Work task -
Among the entries that follow, locate the line with "государства Евгений Шевчук." and the line with "Guess Men's Blue". Output those lines and all lines in between, exactly, minus the pictures.
═══ Given data
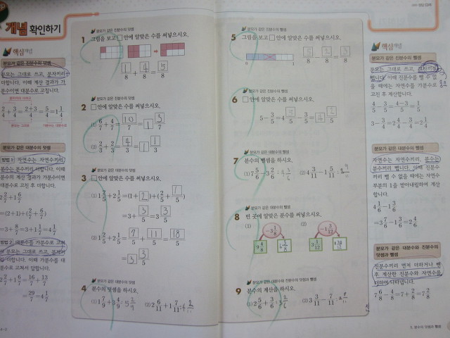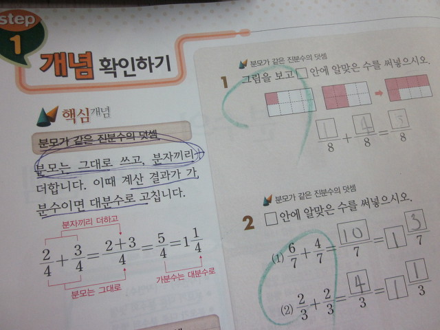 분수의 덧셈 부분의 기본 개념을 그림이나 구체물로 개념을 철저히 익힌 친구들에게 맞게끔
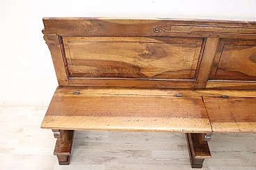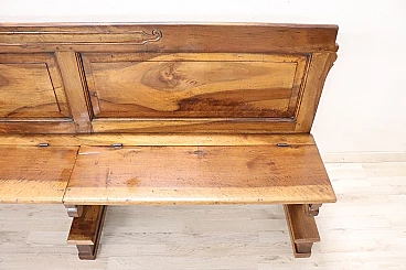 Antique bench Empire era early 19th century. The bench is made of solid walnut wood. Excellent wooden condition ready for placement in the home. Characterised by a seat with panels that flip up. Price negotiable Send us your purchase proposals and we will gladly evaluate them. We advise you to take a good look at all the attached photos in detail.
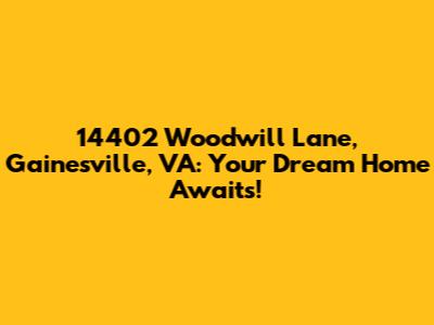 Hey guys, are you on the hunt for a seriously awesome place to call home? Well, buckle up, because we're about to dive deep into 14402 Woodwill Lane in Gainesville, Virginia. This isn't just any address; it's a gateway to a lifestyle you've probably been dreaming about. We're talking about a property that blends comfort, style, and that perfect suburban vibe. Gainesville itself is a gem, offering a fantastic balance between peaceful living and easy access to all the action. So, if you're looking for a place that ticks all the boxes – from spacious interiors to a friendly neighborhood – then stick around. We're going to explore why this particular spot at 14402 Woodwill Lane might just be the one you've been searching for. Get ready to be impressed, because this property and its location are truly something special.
══════
═══ Given data
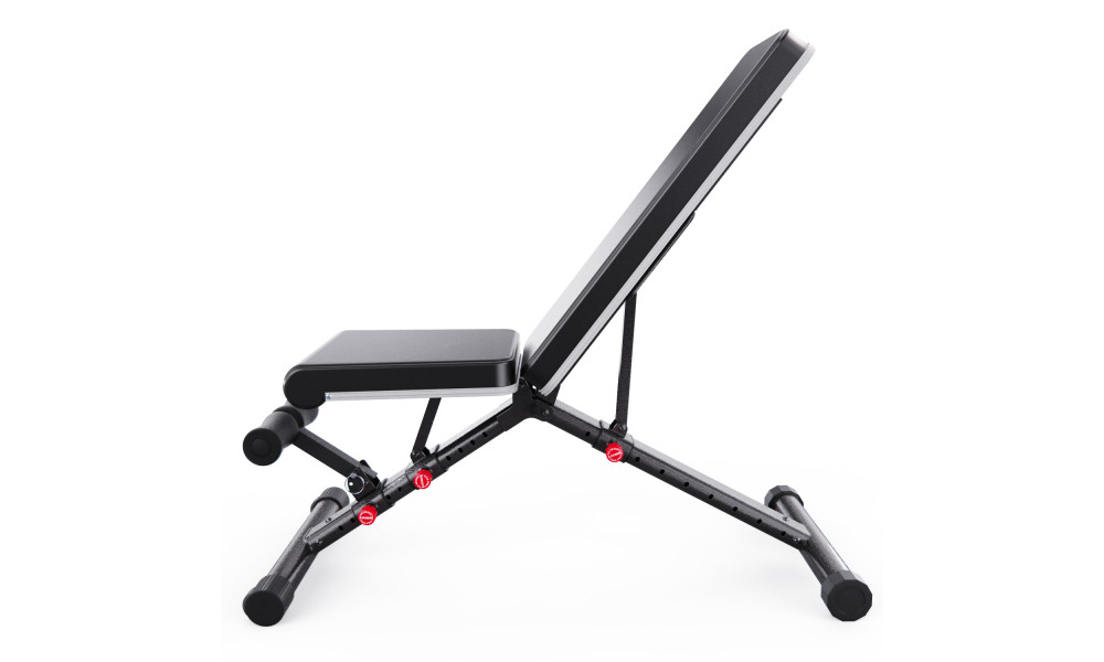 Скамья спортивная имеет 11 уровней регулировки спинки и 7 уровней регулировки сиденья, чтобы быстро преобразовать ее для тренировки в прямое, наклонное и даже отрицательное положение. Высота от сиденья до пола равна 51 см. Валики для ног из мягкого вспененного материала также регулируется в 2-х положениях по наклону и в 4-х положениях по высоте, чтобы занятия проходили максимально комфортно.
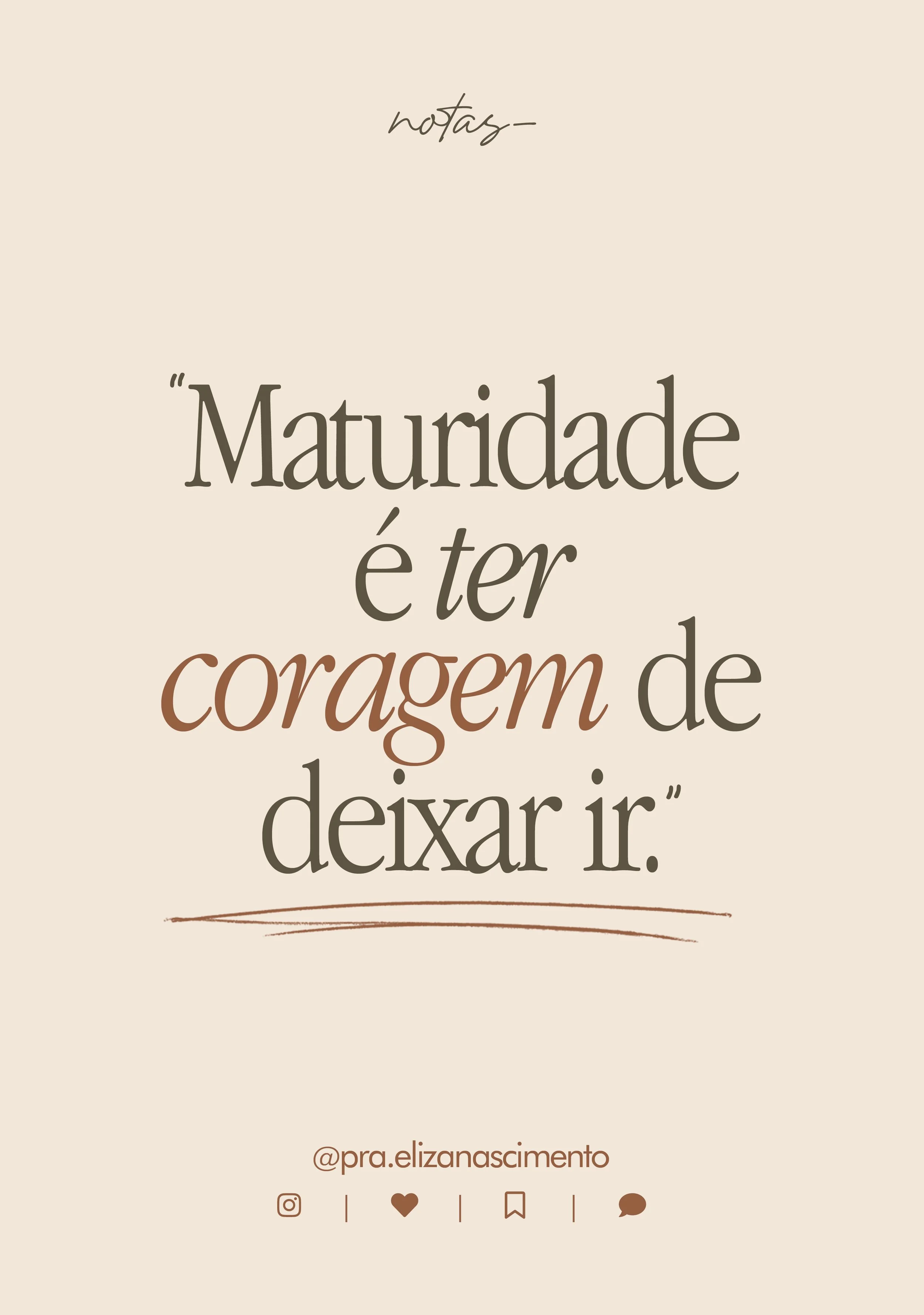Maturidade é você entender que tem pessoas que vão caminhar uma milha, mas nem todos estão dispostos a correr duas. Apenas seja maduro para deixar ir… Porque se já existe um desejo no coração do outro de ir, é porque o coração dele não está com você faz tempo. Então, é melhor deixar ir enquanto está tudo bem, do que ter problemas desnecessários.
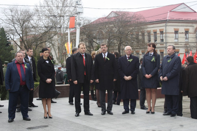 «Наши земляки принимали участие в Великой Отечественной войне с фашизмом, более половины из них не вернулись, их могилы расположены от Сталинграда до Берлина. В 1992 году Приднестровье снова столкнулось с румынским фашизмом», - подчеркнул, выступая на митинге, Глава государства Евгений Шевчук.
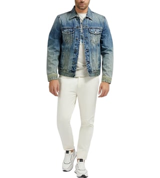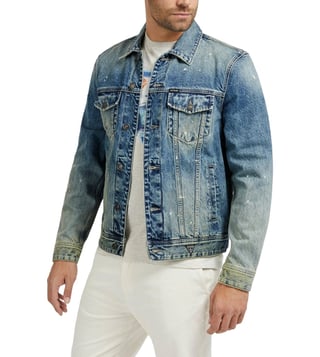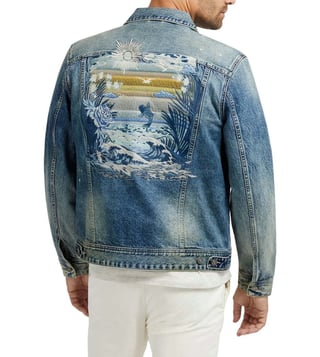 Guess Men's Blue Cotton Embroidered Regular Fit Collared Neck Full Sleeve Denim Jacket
══════
═══ Given data
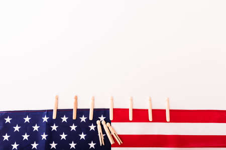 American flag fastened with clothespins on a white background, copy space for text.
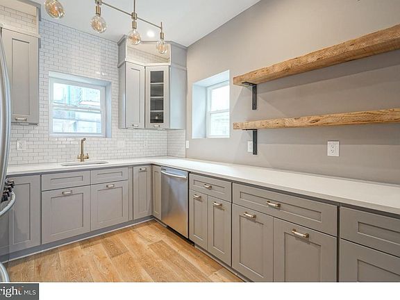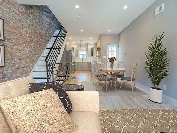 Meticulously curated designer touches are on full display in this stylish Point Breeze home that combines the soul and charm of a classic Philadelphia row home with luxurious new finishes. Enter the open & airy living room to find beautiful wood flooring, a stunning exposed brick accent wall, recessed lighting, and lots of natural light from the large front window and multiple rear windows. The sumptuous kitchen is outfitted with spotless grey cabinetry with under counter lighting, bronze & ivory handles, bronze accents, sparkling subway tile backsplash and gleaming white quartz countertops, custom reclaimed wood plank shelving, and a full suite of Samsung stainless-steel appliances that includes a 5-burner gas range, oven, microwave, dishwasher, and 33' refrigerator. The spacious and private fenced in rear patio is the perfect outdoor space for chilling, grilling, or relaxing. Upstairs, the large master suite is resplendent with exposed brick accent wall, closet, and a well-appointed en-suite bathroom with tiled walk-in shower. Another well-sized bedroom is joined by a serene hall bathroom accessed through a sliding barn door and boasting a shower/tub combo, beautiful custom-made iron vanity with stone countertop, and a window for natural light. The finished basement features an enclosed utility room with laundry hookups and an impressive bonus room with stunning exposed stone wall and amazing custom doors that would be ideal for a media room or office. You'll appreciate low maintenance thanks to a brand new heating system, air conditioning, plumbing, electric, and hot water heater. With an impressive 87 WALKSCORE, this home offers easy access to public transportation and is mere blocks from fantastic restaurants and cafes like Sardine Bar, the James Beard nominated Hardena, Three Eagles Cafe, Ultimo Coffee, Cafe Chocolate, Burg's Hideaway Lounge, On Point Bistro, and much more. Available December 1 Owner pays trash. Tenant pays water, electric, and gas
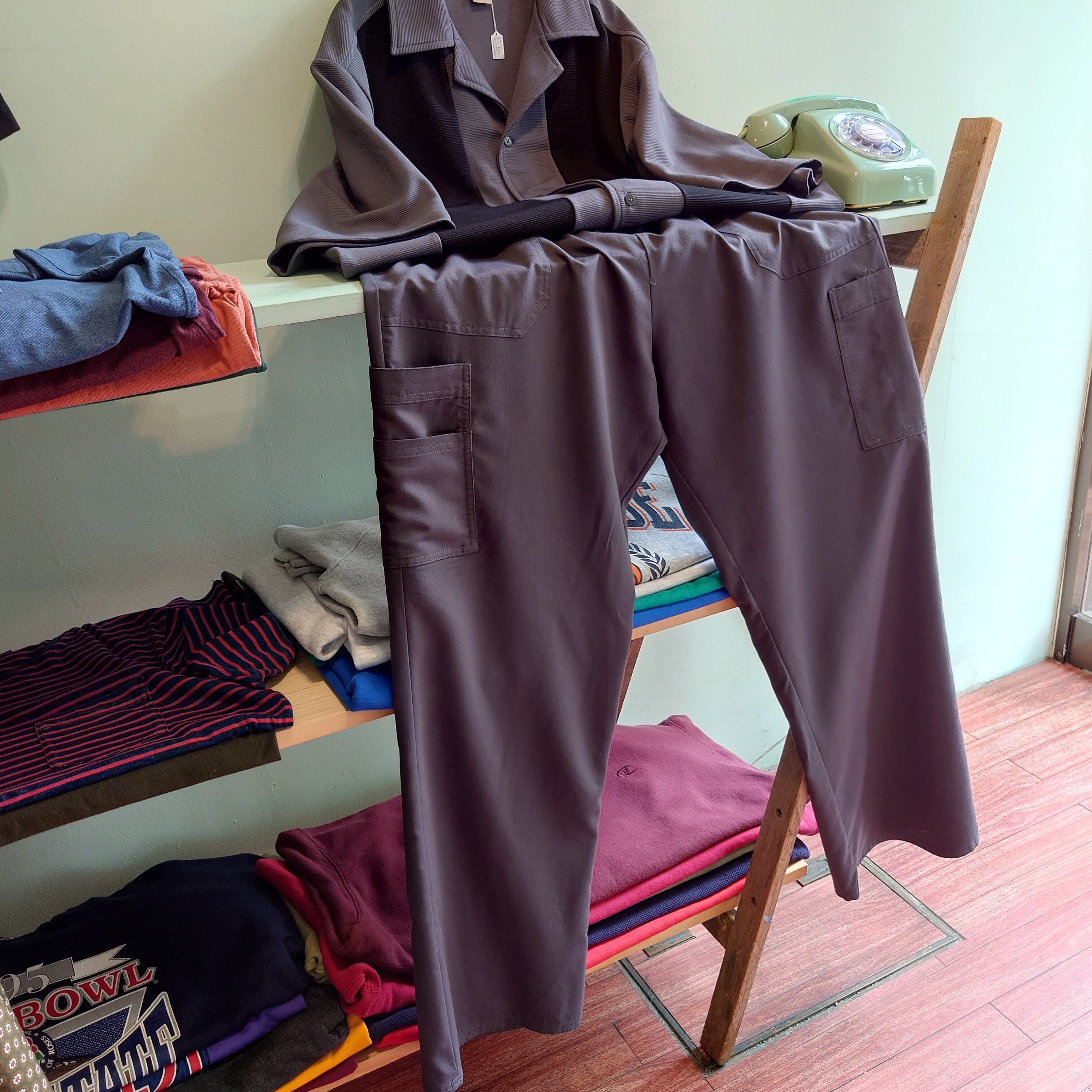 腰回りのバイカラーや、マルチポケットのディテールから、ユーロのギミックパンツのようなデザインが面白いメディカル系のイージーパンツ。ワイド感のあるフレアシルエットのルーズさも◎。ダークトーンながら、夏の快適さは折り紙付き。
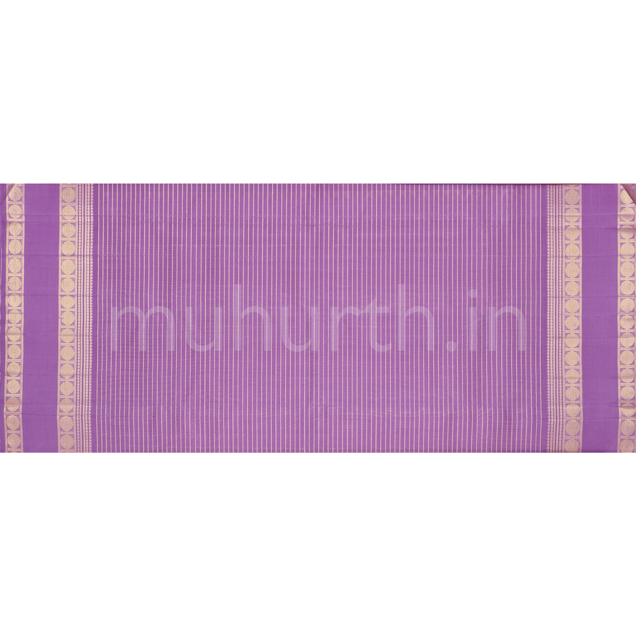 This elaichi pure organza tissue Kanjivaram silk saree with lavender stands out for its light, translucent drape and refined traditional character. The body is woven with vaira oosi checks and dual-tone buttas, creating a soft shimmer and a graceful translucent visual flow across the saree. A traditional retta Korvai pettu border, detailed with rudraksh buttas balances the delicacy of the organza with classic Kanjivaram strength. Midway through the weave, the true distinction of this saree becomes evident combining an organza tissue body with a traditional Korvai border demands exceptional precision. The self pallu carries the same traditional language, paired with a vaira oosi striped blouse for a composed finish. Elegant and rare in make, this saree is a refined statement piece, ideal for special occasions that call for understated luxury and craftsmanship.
══════
Answer section -
 «Наши земляки принимали участие в Великой Отечественной войне с фашизмом, более половины из них не вернулись, их могилы расположены от Сталинграда до Берлина. В 1992 году Приднестровье снова столкнулось с румынским фашизмом», - подчеркнул, выступая на митинге, Глава государства Евгений Шевчук.
 Guess Men's Blue Cotton Embroidered Regular Fit Collared Neck Full Sleeve Denim Jacket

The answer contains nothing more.